I am looking for a tried and proven Swiss Steak recipe. One using red wine and cream, from memory, I used to get it in a restaurant a while ago but would like to have a go myself.


----------



## Alix (Jan 9, 2005)

Sorry Qwerty, no clue here. Someone will come along soon though.


----------



## pdswife (Jan 9, 2005)

Sorry.. I don't know either.. but, sure am looking forward to someone posting some ideas.


----------



## kansasgirl (Jan 9, 2005)

I have this one - it is Hungarian in origin.

Hungarian Swiss Steak
1 1/2 lb, round steak cut 1/2" thick 
1  Clove garlic 
1/2 ts Paprika 
Salt and fresh pepper to taste 
1/4 c Bacon drippings or olive oil 
1/2 c Onions, sliced
4 oz Mushrooms, sliced 
1/2 c Beef stock
1/3 Red wine 
1/2 c Sour cream 

1.Rub sides of steak with cut garlic. Combine flour, paprika, salt and pepper. 
2.Pound the flour mixture into the steak with a mallet or edge of plate. Brown steak on both sides in hot drippings or oil. 
3.Top steaks with onions and mushrooms. Add stock, cover and simmer about 2 hours or until tender. 
4.Remove meat to a hot platter. Spoon off excess fat from the liquid in the pan. Add wine and simmer several minutes to reduce. Add the sour cream to it, heat through, but do not boil. Pour sauce over the steaks.


----------



## lyndalou (Jan 13, 2005)

This sure looks like a winner. I've printed it and need to get some sour cream and the round steak. Thanks, Kansas Girl


----------



## mudbug (Jan 13, 2005)

Mom used to make this all the time (sorry, don't remember recipe).  Is it really "Swiss"?
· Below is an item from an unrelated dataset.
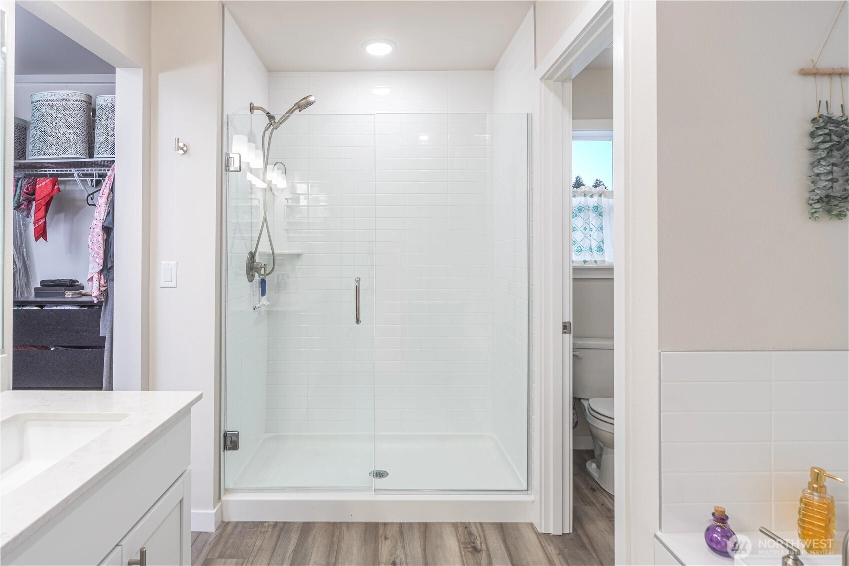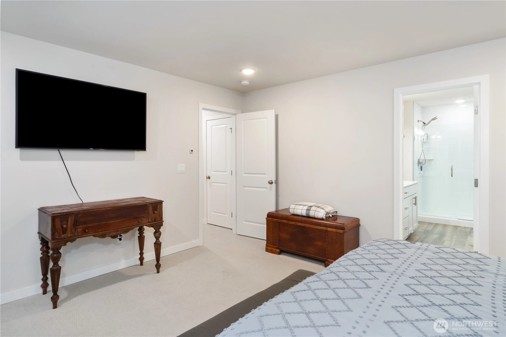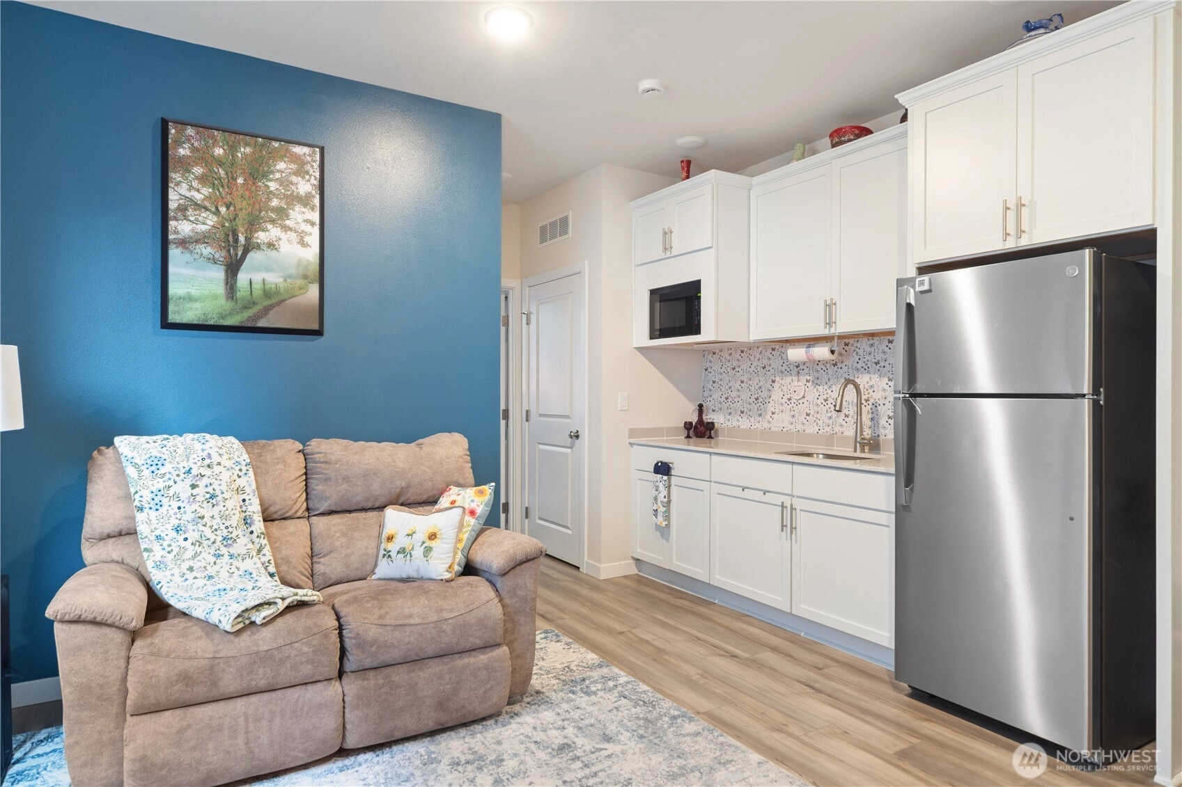 Multi-generational home in Poulsbo! The ADU features its own entrance, living space, kitchenette, laundry, bath with walk-in shower, and bedroom with access to a covered patio. The open-concept great room includes a welcoming gas fireplace and a chef’s kitchen boasting quartz countertops, subway tile backsplash, breakfast island, stainless steel appliances, gas cooktop, and walk-in pantry. On the main floor, you’ll also find a flexible space that can serve as a bedroom or office. Upstairs includes a comfortable loft, three bedrooms, and a convenient laundry room. The spacious primary bedroom features a spa-inspired bathroom with double sinks, a walk-in shower, a soaking tub, and a walk-in closet. This SMART wired home is equipped with a heat pump for air conditioning, a hybrid water heater and fenced yard backing up to a greenbelt. Conveniently located near schools and offers easy access to Bangor, PSNS, and Bainbridge ferries. Built just 3 years ago - this home is a must-see!

Anybody know of other Swiss recipes, other than cheese fondue?  You don't hear that much about great Swiss cooks or foods besides their chocolate.


----------



## kansasgirl (Jan 13, 2005)

I have a few others. I think there are some cuisines that are largely overlooked, Swiss recipes being one of them. I will post these now and more to come.

Swiss Bread Pudding - Brotauflauf
1/2 lb Fresh bread rolls (yeast-type)
1/2 c White wine (can use all milk)
1/2 c Milk 
1/2 c Melted butter 
1 c Sugar 
1/2 ts Cinnamon 
Juice and zest of 1 lemon 
2 tb Rum 
4 Egg yolks 
4 Egg whites, beaten stiff 

Preheat oven to 375F.  Butter a medium souffle, or a casserole with sides. Set aside.
1.Cut the bread rolls into thin slices. Put them in a saucepan, pour over the wine or milk, and heat them gently, breaking them up a little as they soften. 
2.Combine the melted butter, sugar, cinnamon, lemon juice and zest, rum, and egg yolks. Beat well, and add them to the bread and wine/milk mixture. Mix well. 
3.Carefully fold in the egg whites, and put the mixture into a buttered souffle dish. Bake for an hour or until puffed and golden. Serve with a vanilla or sweet wine sauce if desired.

Lucerne Gingerbread
2 c  Fresh cream 
3  Lemons, juiced
1/3 c Pear puree 
1/2 c Sugar 
1 tb Mixed ground spices, any combination (star anise, cloves, cinnamon, ginger, nutmeg, cardamon) 
1 ts Baking soda 
4 1/2 c Whole wheat flour 
6 oz Walnuts, roughly chopped

Preheat oven to 350F
1.Add the lemon juice to the cream and leave for a few minutes to allow the cream to curdle slightly. 
2.Mix together the cream, pear puree, sugar, mixed spices and baking soda. Add the flour. Mix until well blended and then add the nuts. 
3.Fill a cake tin or flan ring with 6 cm high sides with gingerbread batter.
4.Bake in the oven for 50 minutes. Allow to cool throughly and serve cold.


----------



## mudbug (Jan 14, 2005)

Thanks, kansasgirl.  Interesting about the pear puree in the gingerbread.  I made some "regular" gingerbread over the holidays and was thinking of serving it with canned pears and whipped cream.  Nobody here was interested - they ate it all up for breakfast.


----------



## lyndalou (Jan 15, 2005)

Where can I get the pear puree? Can I just puree canned pears in my blender?


----------



## kansasgirl (Jan 15, 2005)

I think that very soft fresh pears are best for pureeing, but you can also used canned or even baby food.


----------